コンクリート屋根に防水シートは施工できる?

陸屋根は一般的な屋根とは異なり、傾斜がない平な屋根を指し、フラットルーフとも呼ばれています。

屋上スペースとして家庭菜園に利用したり、洗濯物を干したり、スペースを有効に活用できます。

比較的高層の建築物に利用されることが多いですが、デザイン性の高さや利便性から二階建てや三階建ての戸建住宅に取り入られることも増えています。

陸屋根のある家に住んでいるけれど、防水工事した方がいいの?と不安に感じている方は、ぜひ最後までご覧ください。

こちらの記事では陸屋根の防水工事の費用やタイミング、工事の方法など陸屋根のメンテナンスに関する記事を詳しく掲載しています。

陸屋根とは

陸屋根とは、傾きがない、平らな屋根のことです。

洗濯物を干したり、屋上菜園を楽しむなど、スペースを有効活用できるのが特徴です。

フラットルーフとも呼ばれています。

屋上に繋がる階段が設置されている場合は、日頃から屋上の点検作業を行うことができます。

陸屋根に防水工事を行う必要性

陸屋根は平坦なため、傾斜がついている通常の屋根より水が溜まりやすいです。水はけが悪いと、防水性が低下した場合、雨漏りが起こるリスクが高くなります。
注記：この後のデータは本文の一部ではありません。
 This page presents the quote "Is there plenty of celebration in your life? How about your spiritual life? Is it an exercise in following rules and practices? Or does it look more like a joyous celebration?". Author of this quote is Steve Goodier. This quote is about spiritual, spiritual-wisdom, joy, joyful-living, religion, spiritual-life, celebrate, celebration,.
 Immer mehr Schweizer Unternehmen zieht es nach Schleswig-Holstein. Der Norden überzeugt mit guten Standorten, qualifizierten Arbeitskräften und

屋上から建物内部に侵入した雨水は、天井からの雨漏りに繋がるだけではなく、鉄筋をサビつかせたり、木材を腐らせるなど、建物本体の耐久性にも大きな悪影響を与えます。

新築時には十分な防水加工が施される陸屋根ですが、どんなに高価な防水加工を施したとしても、月日の経過とともに防水効果は薄れてきてしまいます。

雨漏り対策や建物内部の腐食防止のためには、陸屋根の防水工事は重要です。

陸屋根の防水工事のタイミングと見分け方

陸屋根に防水工事を行うタイミングと、見分け方を解説していきます。
自宅の陸屋根に防水工事の施工を検討している方は参考にしてください。

陸屋根の防水工事を行うタイミング

陸屋根の防水工事を行うタイミングを材工別に解説します。

木造の場合

一般的な戸建住宅で陸屋根を採用している場合、建物自体は木造という場合が多いのではないでしょうか。
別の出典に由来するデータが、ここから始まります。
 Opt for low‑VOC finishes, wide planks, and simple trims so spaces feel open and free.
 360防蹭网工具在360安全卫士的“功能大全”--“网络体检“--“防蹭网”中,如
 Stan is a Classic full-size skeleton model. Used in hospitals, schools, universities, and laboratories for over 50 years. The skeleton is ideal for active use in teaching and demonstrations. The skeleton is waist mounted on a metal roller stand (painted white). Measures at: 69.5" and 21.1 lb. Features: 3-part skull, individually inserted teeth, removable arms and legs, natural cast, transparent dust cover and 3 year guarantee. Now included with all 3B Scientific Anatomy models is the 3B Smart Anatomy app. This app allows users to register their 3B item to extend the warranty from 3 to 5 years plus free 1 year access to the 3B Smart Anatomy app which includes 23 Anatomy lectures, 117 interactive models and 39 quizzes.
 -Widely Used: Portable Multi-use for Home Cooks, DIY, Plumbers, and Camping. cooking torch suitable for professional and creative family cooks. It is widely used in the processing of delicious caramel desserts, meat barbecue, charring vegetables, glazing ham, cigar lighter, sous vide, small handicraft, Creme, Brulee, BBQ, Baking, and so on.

木造建築の場合、鉄筋コンクリート造りに増して雨漏りの危険が高く、こまめな防水工事が必要となります。

一般的には10〜15年を目安に防水工事を行うことが理想ですが、状態によってはもっと早い段階で予防的に工事を行うこともあります。

鉄筋コンクリート造の場合

鉄筋コンクリートは、自由な形で建築ができ非常に耐久性や強度が高く、大きな建築物にも多く利用されています。

コンクリート打ちっぱなしの建物も重厚感のある質感で、根強い人気があります。

鉄筋コンクリート造りの建物には屋上や陸屋根があるのが一般的です。

非常に丈夫な鉄筋コンクリート造りの建物ですが、最大の弱点とも言えるのが水です。

コンクリート内部に水が侵入してしまうと、内部の鉄筋が錆び、建物本体の耐久性が大きく下がってしまいます。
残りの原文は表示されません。